Who is winning Afghanistan war? US officials increasingly disagree.
Gen. David Petraeus is on Capitol Hill this week to give a positive message about the course of the Afghanistan war. But some key US officials disagree with his assessment.
Gen. David Petraeus, commander of US and NATO forces in Afghanistan, testifies on Capitol Hill in Washington Tuesday before the Senate Armed Services Committee hearing on the Afghanistan war.
AP
Washington
Gen. David Petraeus travels to Capitol Hill this week, eager to convince an increasingly skeptical American public that the Afghanistan war is worth the effort – and that it is going well, too.
Skip to next paragraphAs he appears in Washington, nearly two-thirds of Americans no longer believe that the Afghanistan war “has been worth fighting,” according to a new Washington Post/ABC News poll. Moreover, there are distinct differences emerging between US commanders’ appraisal of US progress on the ground and that of US intelligence officials.
Some are particularly striking. Petraeus, the commander of US forces in Afghanistan, tends to point to “uneven progress” that remains “fragile and reversible," a description he used frequently for Iraq as well. In testimony before the Senate Armed Services Committee Tuesday, he said there had been “significant” progress on the ground in Afghanistan.

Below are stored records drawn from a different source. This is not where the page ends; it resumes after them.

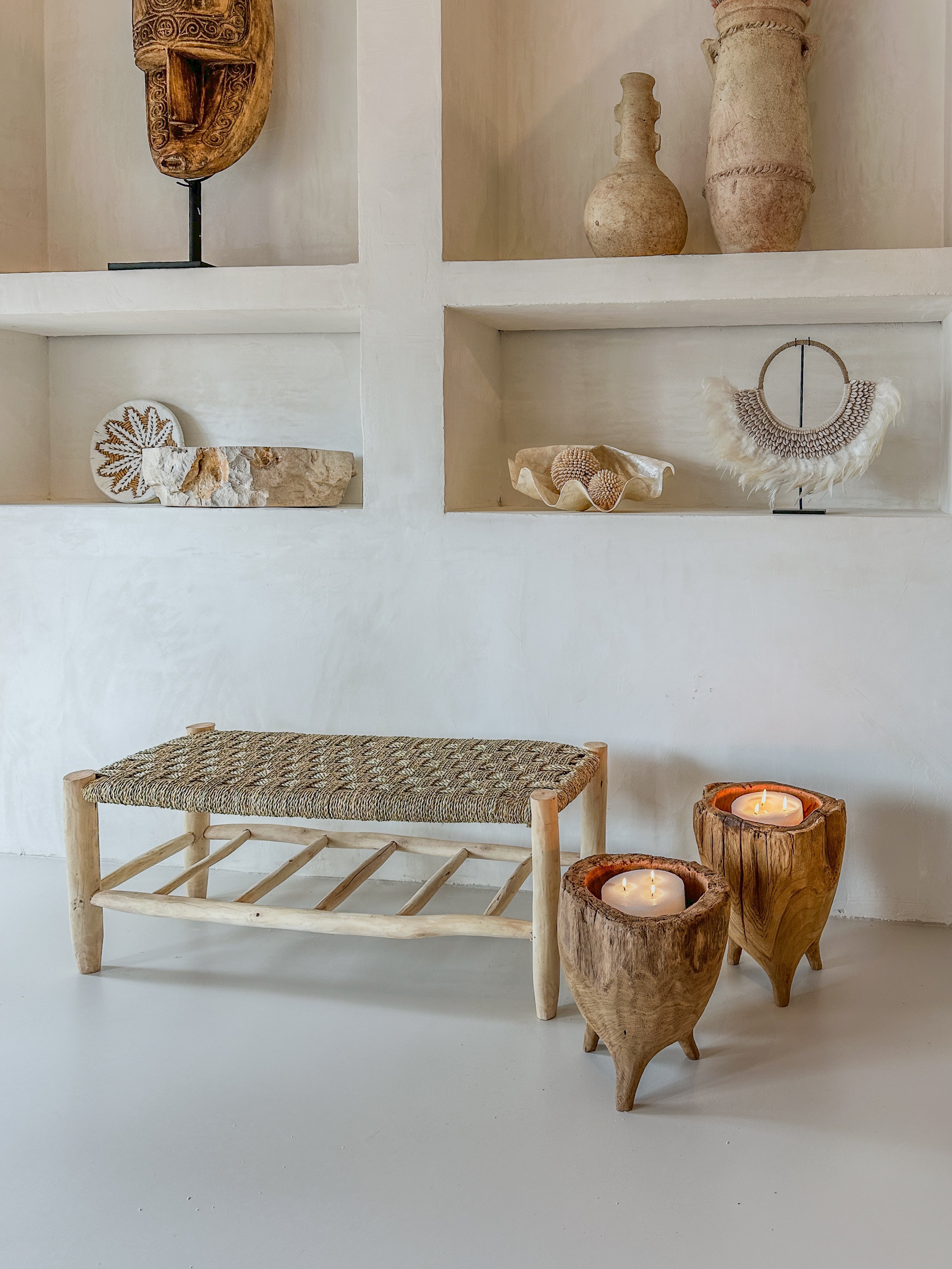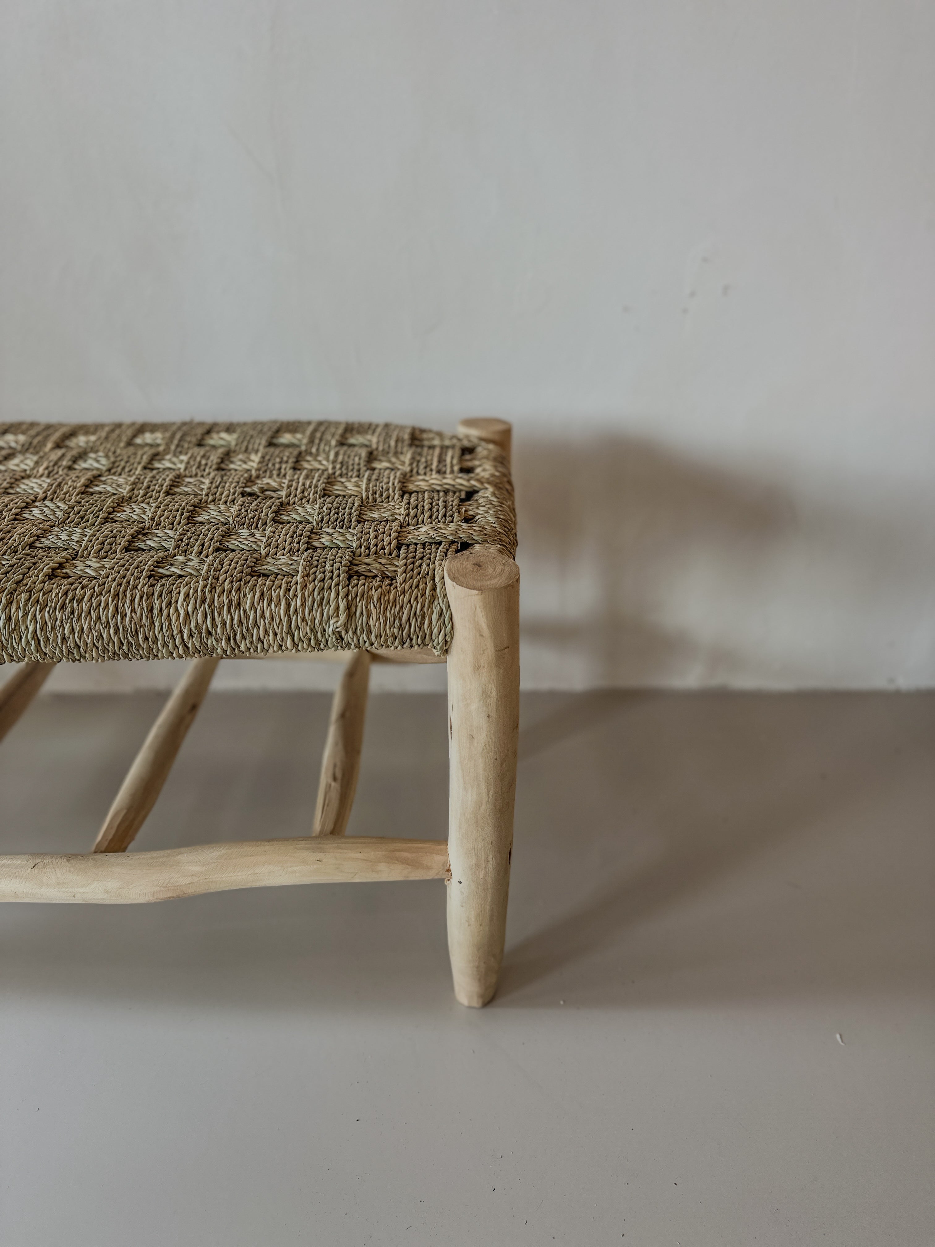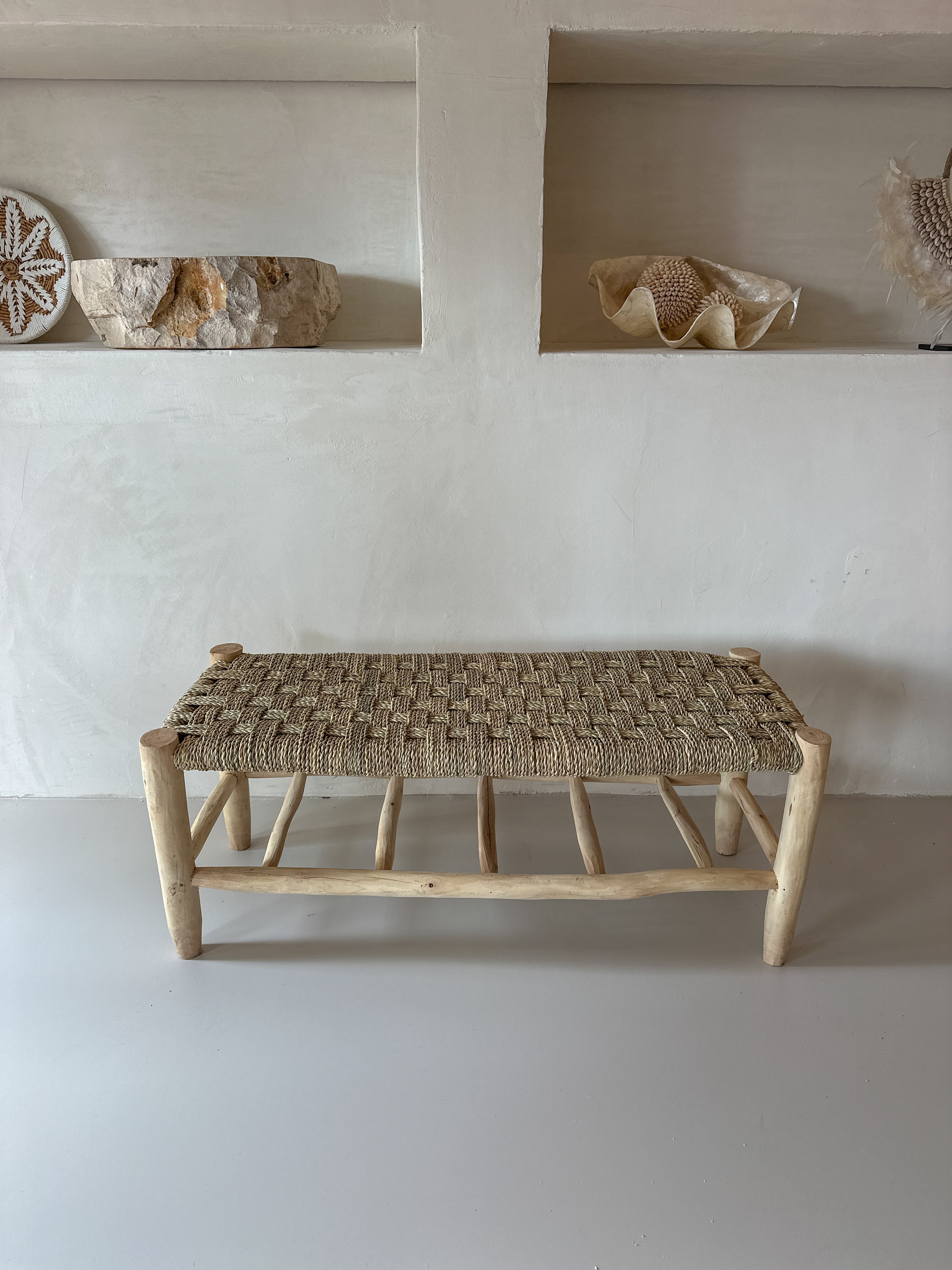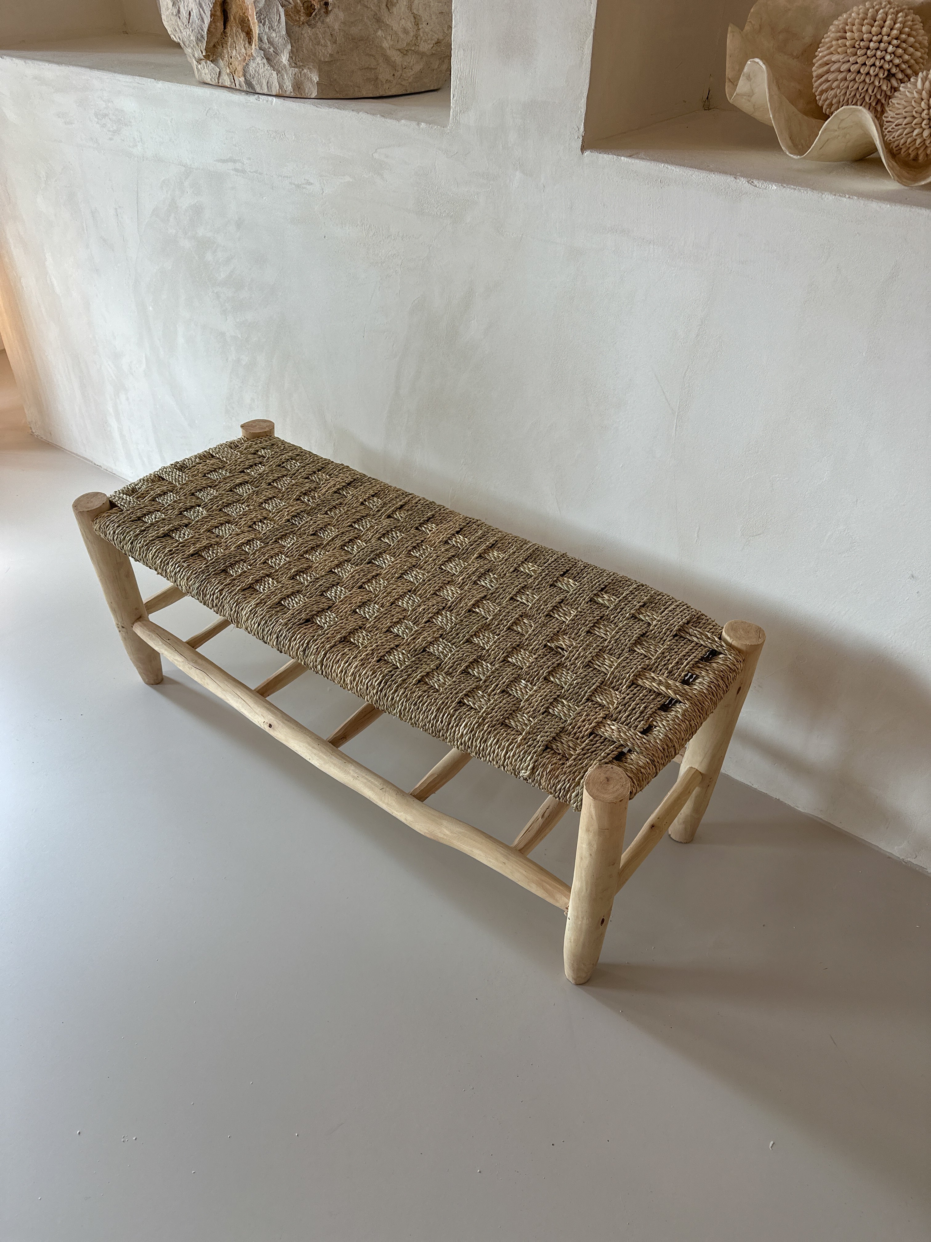 Deze stijlvolle handgemaakte bank is een prachtig staaltje Marokkaans vakmanschap. Het stevige frame is vervaardigd van natuurlijk eucalyptushout, terwijl de zitting met de hand is gevlochten van duurzaam zeegras in een fraai ruitpatroon.
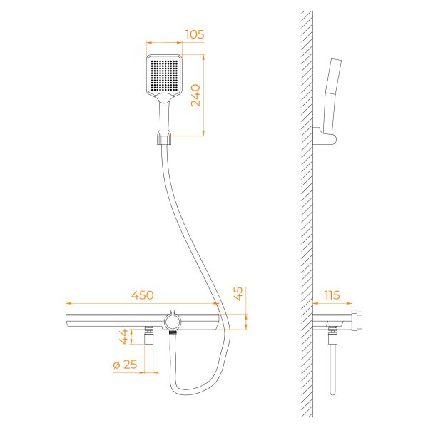 • Ручной душ на гибком шланге из ПВХ длиной 1.5 м, с тремя режимами струи, изготовленный из устойчивого к износу ABS-пластика;
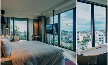 2022年全新開幕旅店-森行旅,鄰近安平老街、漁光島,豪宅霸氣外觀,每個陽台設計各國問候語,讓各國遊客有個第一好印象。大廳和房間的設計是較為鮮豔新潮風格,滿適合拍照,房間格局較為小而巧,但都有對外採光,可賞河濱美景。
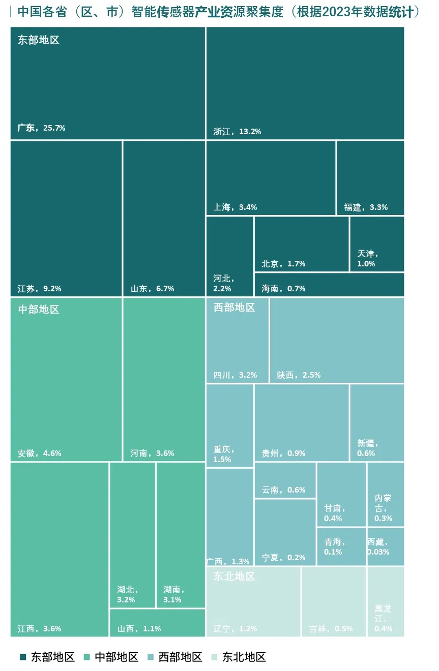 中國智能傳感器區(qū)域發(fā)展整體呈現(xiàn)東部持續(xù)領(lǐng)先、中西部崛起有望的態(tài)勢。目前,東部地區(qū)聚集了全國67.1%的產(chǎn)業(yè)資源,廣東、浙江、江蘇、山東、上海等省(市)的企業(yè)資源領(lǐng)跑全國。近年來,中部的安徽、河南、湖北等地以及西部的四川、陜西、重慶等地,也在持續(xù)加大對智能傳感器產(chǎn)業(yè)的支持力度。“十五五”時期,中國的智能傳感器產(chǎn)業(yè)資源將仍以東部為引領(lǐng),但中西部的部分省份也將逐步崛起,實現(xiàn)區(qū)域多點開花的發(fā)展格局。
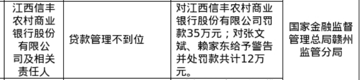 罚单显示,江西信丰农村商业银行股份有限公司的主要违法违规事实(案由)为:贷款管理不到位。
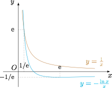 分析与解 法一 根据题意,有\[\forall x>0,\left(a-\dfrac 1x\right)\left(a+\dfrac{\ln x}x\right)\geqslant 0,\]也即\[\forall x>0,a\leqslant \min\left\{\dfrac 1x,-\dfrac{\ln x}x\right\}\lor a\geqslant \max\left\{\dfrac 1x,-\dfrac{\ln x}x\right\}.\]考虑其反面,为\[\exists x>0,\min\left\{\dfrac 1x,-\dfrac{\ln x}x\right\}< a < \max\left\{\dfrac 1x,-\dfrac{\ln x}x\right\},\]用导数研究函数 $y=-\dfrac{\ln x}x$,并作出 $y=\dfrac 1x$ 与 $y=-\dfrac{\ln x}x$ 的图象如下:
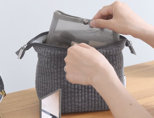 さらにメッシュケースも付属しているので、粉のついたブラシを分けて入れておくことも。
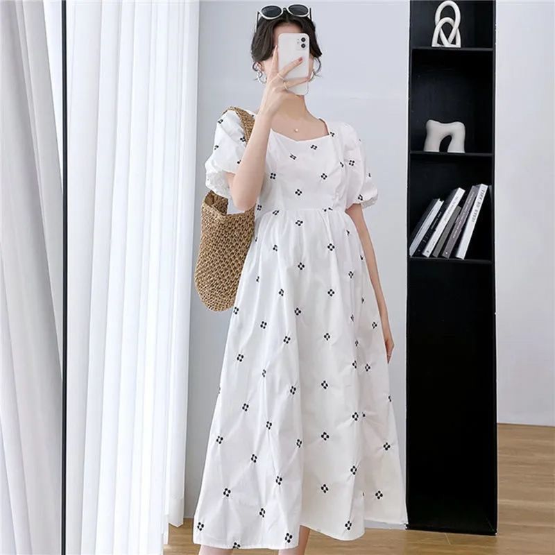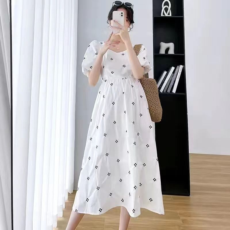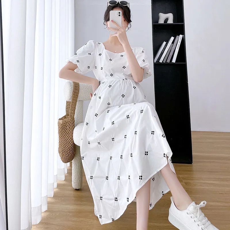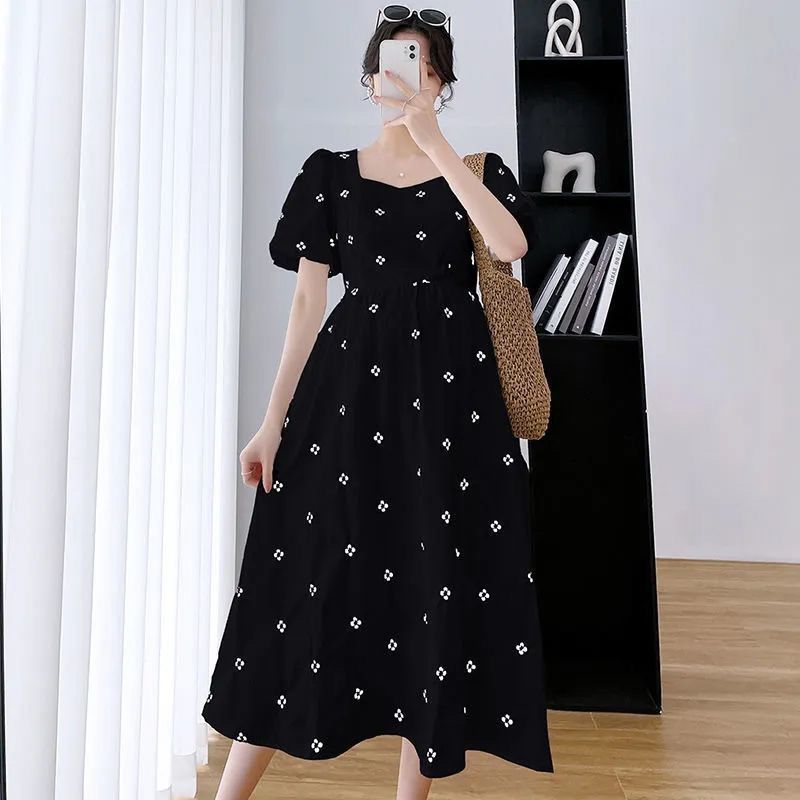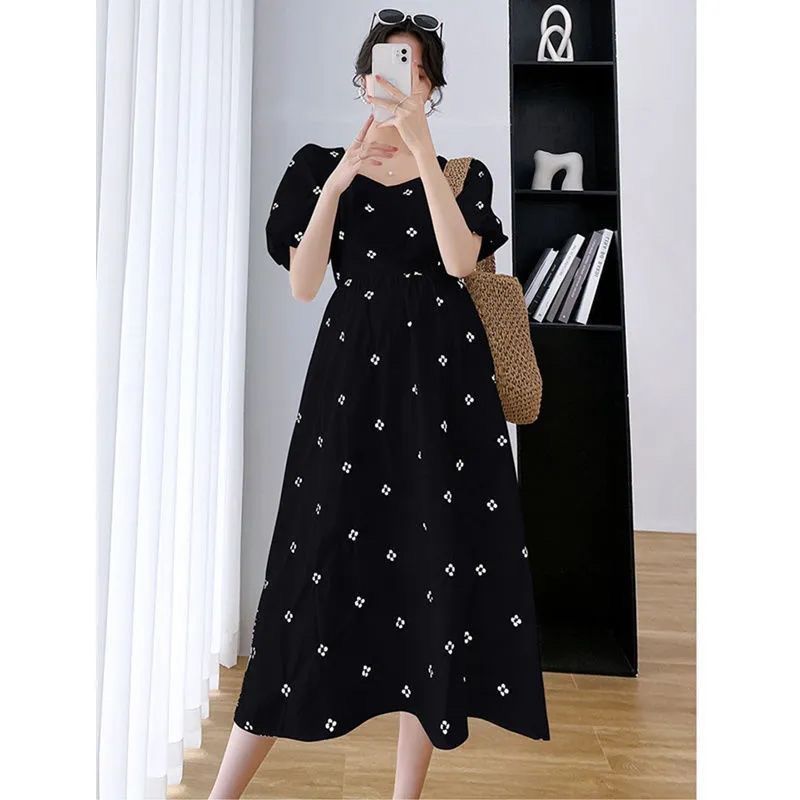Maternity Dress Korean Style Plus Size Summer High Waist Slimming Cover Belly Pregnant Women Dress Fashion Loose Flower Pregnant Dress Casual Mid-length Short-sleeved Maternity Dress Pregnant
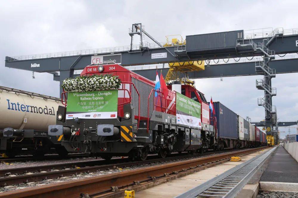 ▲ 2019年4月4日,首趟卢森堡至成都中欧班列在卢森堡迪德朗日铁路场站准备出发。班列途经德国、波兰、白俄罗斯、俄罗斯、哈萨克斯坦等国,由中国新疆阿拉山口口岸入境。
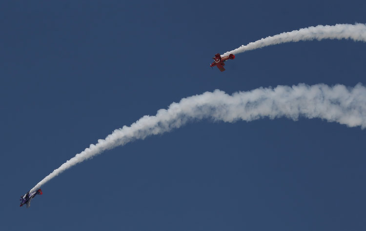 Türkiye'nin ilk profesyonel akrobasi pilotu Ali İsmet Öztürk, "Mor Menekşe" adlı uçağıyla, Türkiye'nin tek sivil kadın akrobasi pilotu kızı Semin Öztürk Şener ise kırmızı renkli "Pitts S2-B" uçağıyla birlikte gösteri uçuşu yaptı.

“The momentum achieved by the Taliban in Afghanistan since 2005 has been arrested in much of the country and reversed in a number of important areas,” he added. He is expected to repeat these assurances before the House Armed Services Committee Wednesday.
Difference of opinion
Yet this view stands in contrast to the assessment that Director of National Intelligence James Clapper and Lt. Gen. Ronald Burgess, director of the Defense Intelligence Agency, provided in their Senate testimony last week. Burgess, for his part, noted that while the Taliban is under more pressure than ever before, the insurgent group is resilient and tenacious, and that its influence remains pervasive throughout much of the country.
Although the Taliban have taken “tactical losses, they continue to maintain influence over much of the local population, particularly outside urban areas,” he told the committee.